**WHAT THE TASK REQUIRES**
Exactly reproduce the line containing "Installing Sewer Pipe" and all later lines to the end of the entries, leaving the pictures out of your copy.

**Records from a collection**
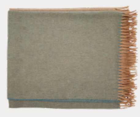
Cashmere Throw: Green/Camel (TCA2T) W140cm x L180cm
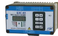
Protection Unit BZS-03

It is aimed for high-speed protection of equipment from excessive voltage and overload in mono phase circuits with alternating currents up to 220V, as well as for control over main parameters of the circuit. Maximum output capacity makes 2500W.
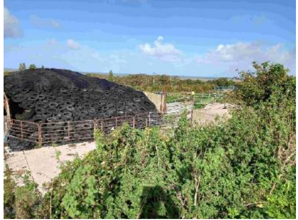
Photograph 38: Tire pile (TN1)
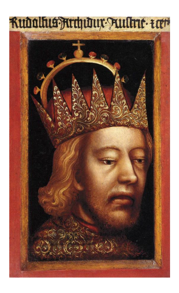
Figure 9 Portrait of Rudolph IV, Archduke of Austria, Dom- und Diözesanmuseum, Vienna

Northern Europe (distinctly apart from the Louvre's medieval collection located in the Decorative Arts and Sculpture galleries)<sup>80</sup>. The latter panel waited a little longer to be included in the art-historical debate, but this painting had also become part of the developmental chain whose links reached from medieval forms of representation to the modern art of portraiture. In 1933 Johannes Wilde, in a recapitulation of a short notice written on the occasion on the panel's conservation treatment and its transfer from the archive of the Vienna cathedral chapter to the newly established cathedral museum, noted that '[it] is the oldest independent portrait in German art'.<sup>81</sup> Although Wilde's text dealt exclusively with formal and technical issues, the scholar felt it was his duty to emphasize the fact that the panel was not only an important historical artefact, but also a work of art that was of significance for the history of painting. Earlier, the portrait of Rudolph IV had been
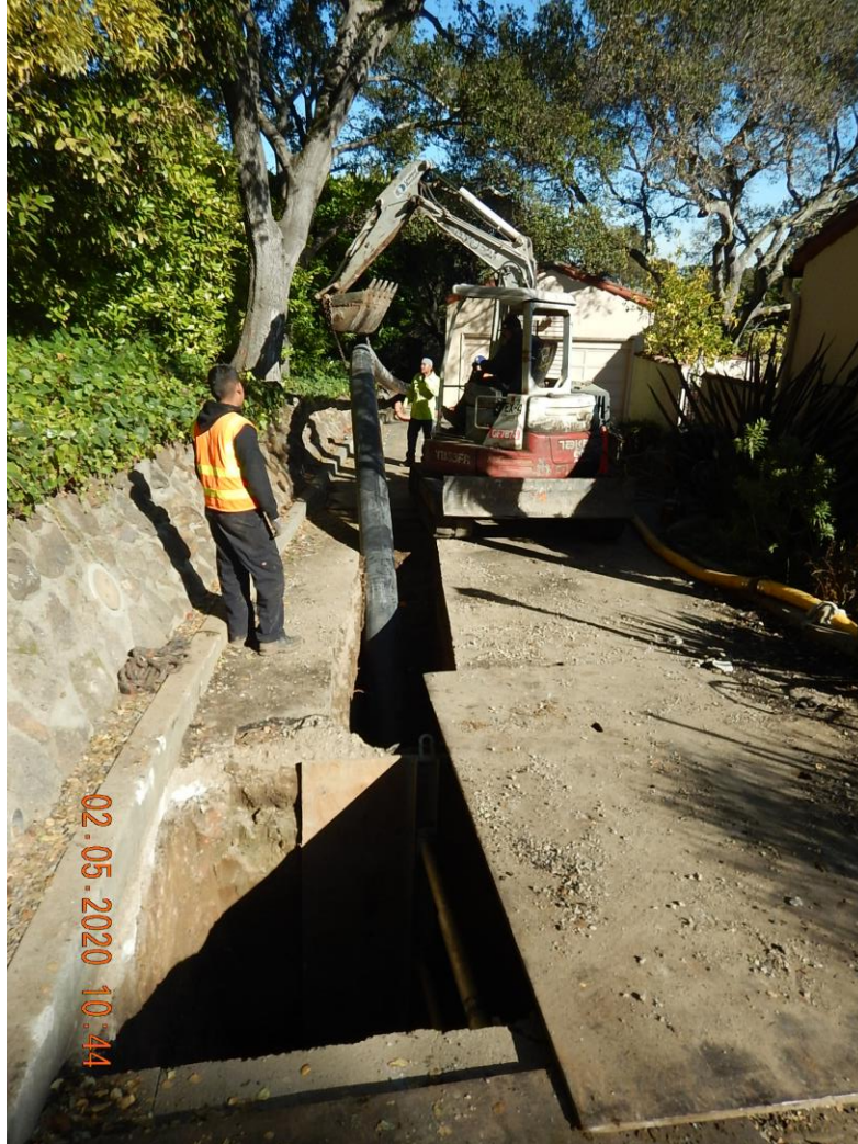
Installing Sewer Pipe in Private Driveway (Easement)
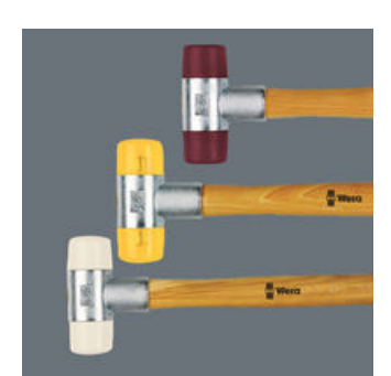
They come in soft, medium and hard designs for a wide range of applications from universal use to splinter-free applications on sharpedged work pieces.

**TASK OUTPUT**
Installing Sewer Pipe in Private Driveway (Easement)
They come in soft, medium and hard designs for a wide range of applications from universal use to splinter-free applications on sharpedged work pieces.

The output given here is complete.